### WORK INSTRUCTIONS
Restate the data below word for word, and let no image into your version.

### THE INPUT
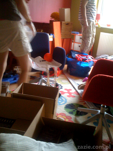 wnosimy blat stołu. wnosimy dziesiątki pudeł i tobołów. talerzy, kubków, sztućców, majtek,
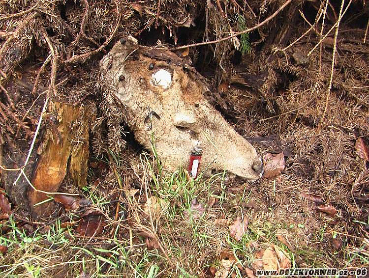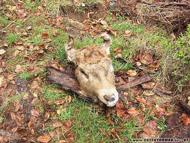 U cesty, kde byla signálka, byla v igelitovém pytli jelení hlava bez parohů.
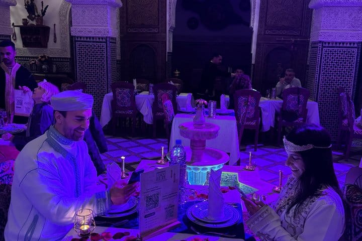 When finished, we will serve you a meal that includes 7 types of salad accompanied by a tagine, and at the end you will have seasonal fruits, and do not forget Moroccan tea and Fassian sweets.
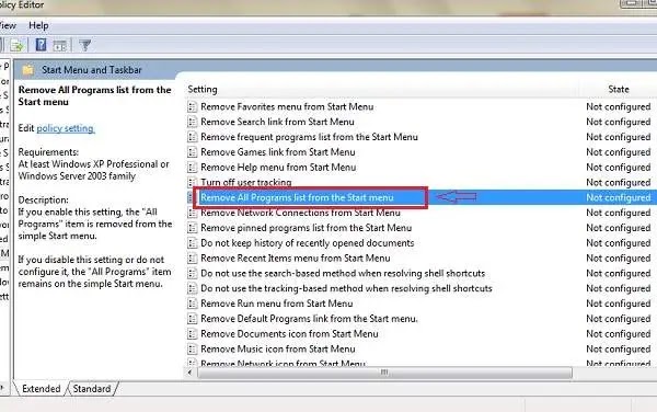 Now double click on “Remove All Programs List from the Start Menu” so you can see a new window.
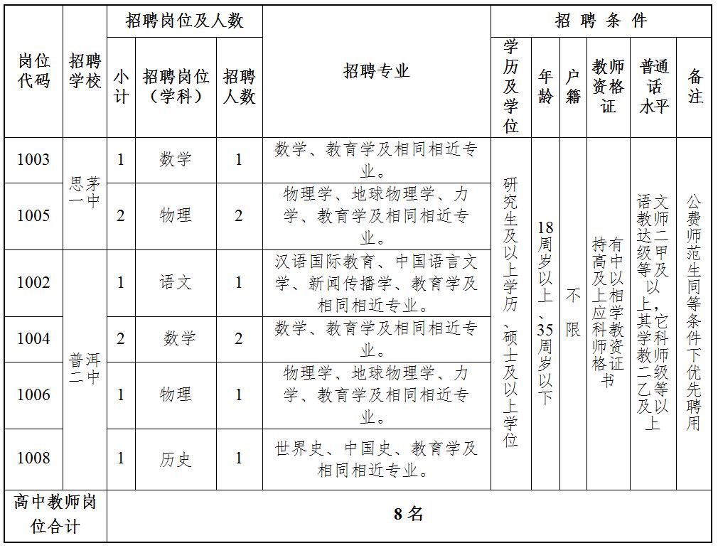 | 1 | 1003 | 普洱市思茅區(qū)教育體育局 | 思茅一中 | 全額撥款 | 數(shù)學(xué) | 數(shù)學(xué)、教育學(xué)及相同相近專業(yè)。 | 研究生及以上學(xué)歷、碩士及以上學(xué)位 | 1.持有高中及以上相應(yīng)學(xué)科教師資格證書(shū); 2.語(yǔ)文教師普通話等級(jí)水平達(dá)二級(jí)甲等及以上,其他教師普通話等級(jí)水平達(dá)二級(jí)乙等及以上。 | 1 |
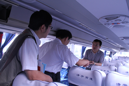 媒體記者逐一參觀了濟南長途汽車總站,零距離體驗了駕駛員人臉識別、酒精檢測、車載GPS、3G視頻等車站源頭安全管理和班車實時動態(tài)監(jiān)控情況;深入檢票一線和班車發(fā)車區(qū),與黨的十八大代表、山東省勞模李文親切交流;登上LNG清潔能源高級商務車,向安全行車370萬公里“零事故”駕駛員、省勞模賈湘鳴,詳細了解安全運營節(jié)能情況;在96369服務熱線、總服務臺、“英語崗”、“女士購票窗口”等特色服務崗位,體驗了電話預約售票及特色服務流程。在接下來的座談中,王謙總經(jīng)理詳細介紹了集團各產(chǎn)業(yè)板塊近年來不斷發(fā)展的基本概況、商業(yè)模式創(chuàng)新探索的效果以及今后工作的發(fā)展方向等,并對各新聞媒體關(guān)于集團戰(zhàn)略發(fā)展規(guī)劃、重點項目工程建設(shè)、不同產(chǎn)業(yè)創(chuàng)新舉措等提問進行了解答。各新聞媒體對集團公司堅持“安全十六字方針”和“人文關(guān)懷”理念,建設(shè)本質(zhì)性安全企業(yè)、在創(chuàng)新創(chuàng)效、節(jié)能減排等方面采取的有效措施以及“親情化管理,友情化服務”等方面傾注了較多關(guān)注,并提出了一些建設(shè)性的意見和建議。
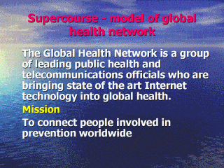We have established a global network of people primarily in academia who are working together to prevent disease. This group is connected on the Internet.
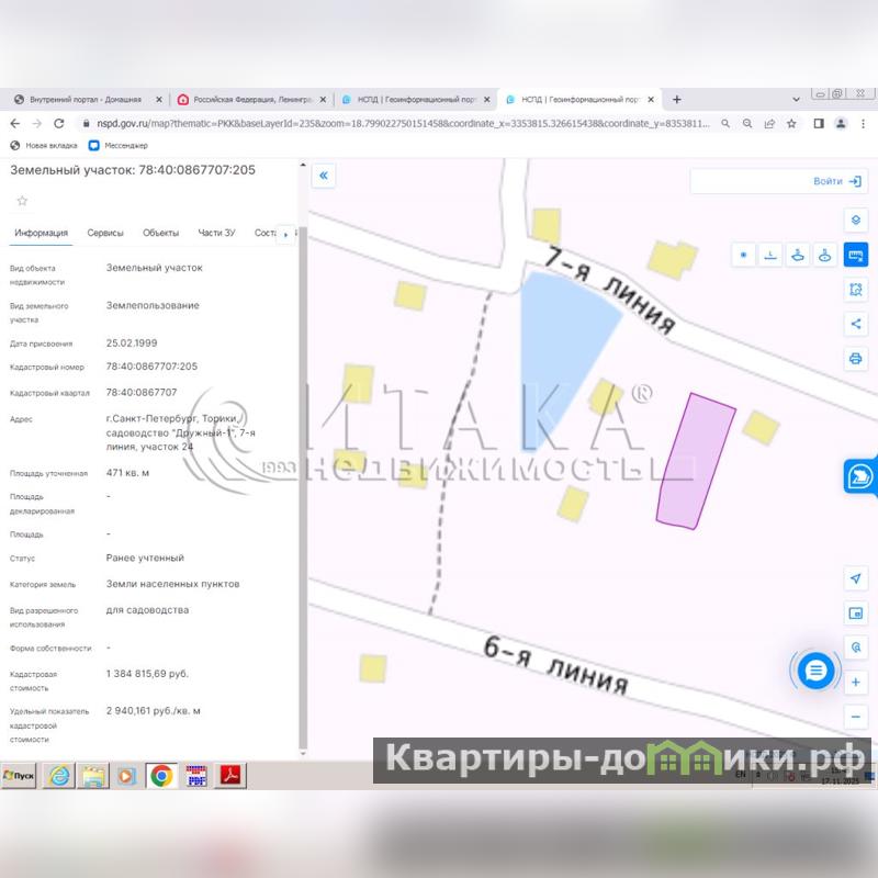 2-17630 В СПб, Торики, в садоводстве Дружный-1, 7-я линия, уч. 24, в 25 мин. до м.Ветеранов, продаётся земельный участок 471 кв.м, кадастровый номер 78:40::205, прямоугольной формы.
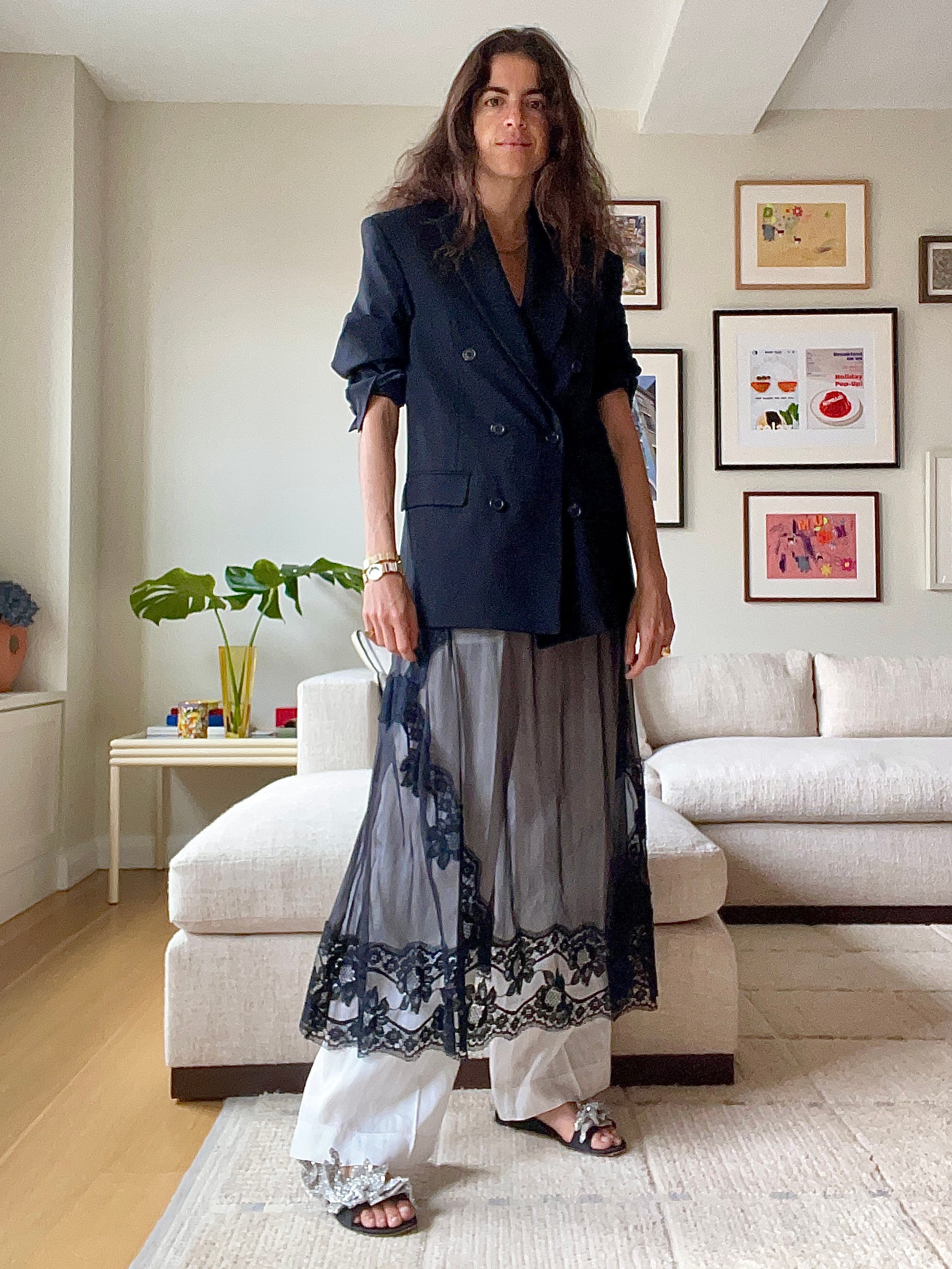 Wardrobe.nyc blazer (single breast version here), Dolce and Gabbana slip, which I got from The Outnet a bunch of years ago and have surprisingly worn every season in some new way (here are somecomps), Balenciaga sandals, but these will do!
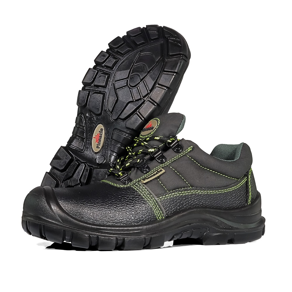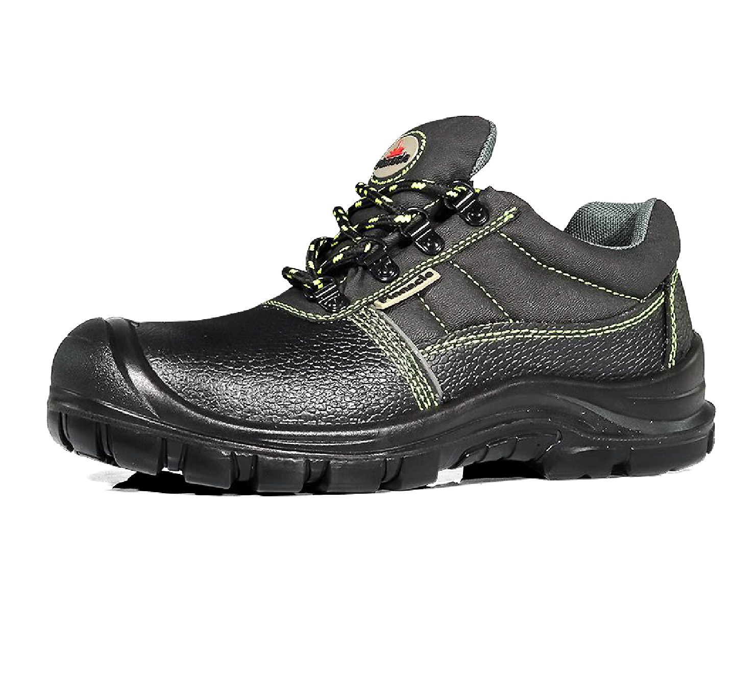 Rokolo Safety Shoes | Material: Embossed Split Cow Leather | Resistance: Oil & Slip Resistance, Toe Impact Resistance (200J), Penetration Resistance, Heat Resistance <90 °C | Features: Shock Absorbing Heel, Removable Insock, Breathable Insole, Lime Stitching, Steel Toe Cap
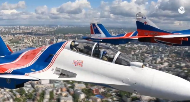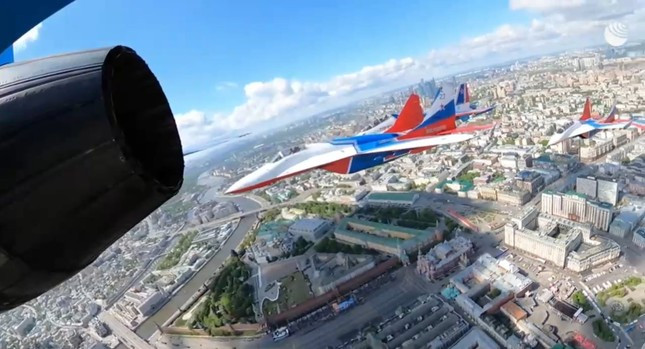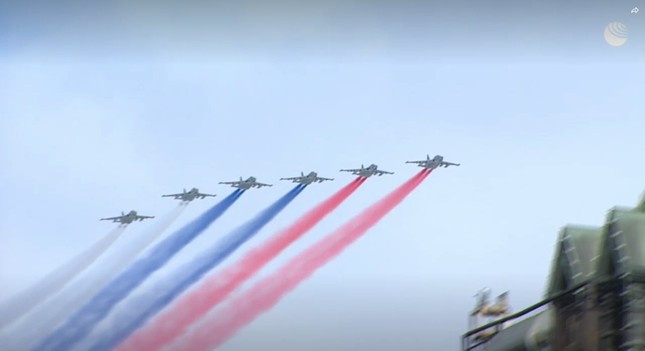 Lễ duyệt binh kết thúc bằng màn trình diễn của các máy bay chiến đấu với sự tham gia của các phi đội Russkiye Vityazi lái chiến đấu cơ Su-30SM và Strizhi lái máy bay MiG-29, cùng nhóm sáu máy bay tấn công Su-25 phun khói màu quốc kỳ Nga.

### TASK OUTPUT
 wnosimy blat stołu. wnosimy dziesiątki pudeł i tobołów. talerzy, kubków, sztućców, majtek,
 U cesty, kde byla signálka, byla v igelitovém pytli jelení hlava bez parohů.
 When finished, we will serve you a meal that includes 7 types of salad accompanied by a tagine, and at the end you will have seasonal fruits, and do not forget Moroccan tea and Fassian sweets.
 Now double click on “Remove All Programs List from the Start Menu” so you can see a new window.
 | 1 | 1003 | 普洱市思茅區(qū)教育體育局 | 思茅一中 | 全額撥款 | 數(shù)學(xué) | 數(shù)學(xué)、教育學(xué)及相同相近專業(yè)。 | 研究生及以上學(xué)歷、碩士及以上學(xué)位 | 1.持有高中及以上相應(yīng)學(xué)科教師資格證書(shū); 2.語(yǔ)文教師普通話等級(jí)水平達(dá)二級(jí)甲等及以上,其他教師普通話等級(jí)水平達(dá)二級(jí)乙等及以上。 | 1 |
 媒體記者逐一參觀了濟南長途汽車總站,零距離體驗了駕駛員人臉識別、酒精檢測、車載GPS、3G視頻等車站源頭安全管理和班車實時動態(tài)監(jiān)控情況;深入檢票一線和班車發(fā)車區(qū),與黨的十八大代表、山東省勞模李文親切交流;登上LNG清潔能源高級商務車,向安全行車370萬公里“零事故”駕駛員、省勞模賈湘鳴,詳細了解安全運營節(jié)能情況;在96369服務熱線、總服務臺、“英語崗”、“女士購票窗口”等特色服務崗位,體驗了電話預約售票及特色服務流程。在接下來的座談中,王謙總經(jīng)理詳細介紹了集團各產(chǎn)業(yè)板塊近年來不斷發(fā)展的基本概況、商業(yè)模式創(chuàng)新探索的效果以及今后工作的發(fā)展方向等,并對各新聞媒體關(guān)于集團戰(zhàn)略發(fā)展規(guī)劃、重點項目工程建設(shè)、不同產(chǎn)業(yè)創(chuàng)新舉措等提問進行了解答。各新聞媒體對集團公司堅持“安全十六字方針”和“人文關(guān)懷”理念,建設(shè)本質(zhì)性安全企業(yè)、在創(chuàng)新創(chuàng)效、節(jié)能減排等方面采取的有效措施以及“親情化管理,友情化服務”等方面傾注了較多關(guān)注,并提出了一些建設(shè)性的意見和建議。
We have established a global network of people primarily in academia who are working together to prevent disease. This group is connected on the Internet.
 2-17630 В СПб, Торики, в садоводстве Дружный-1, 7-я линия, уч. 24, в 25 мин. до м.Ветеранов, продаётся земельный участок 471 кв.м, кадастровый номер 78:40::205, прямоугольной формы.
 Wardrobe.nyc blazer (single breast version here), Dolce and Gabbana slip, which I got from The Outnet a bunch of years ago and have surprisingly worn every season in some new way (here are somecomps), Balenciaga sandals, but these will do!
 Rokolo Safety Shoes | Material: Embossed Split Cow Leather | Resistance: Oil & Slip Resistance, Toe Impact Resistance (200J), Penetration Resistance, Heat Resistance <90 °C | Features: Shock Absorbing Heel, Removable Insock, Breathable Insole, Lime Stitching, Steel Toe Cap
 Lễ duyệt binh kết thúc bằng màn trình diễn của các máy bay chiến đấu với sự tham gia của các phi đội Russkiye Vityazi lái chiến đấu cơ Su-30SM và Strizhi lái máy bay MiG-29, cùng nhóm sáu máy bay tấn công Su-25 phun khói màu quốc kỳ Nga.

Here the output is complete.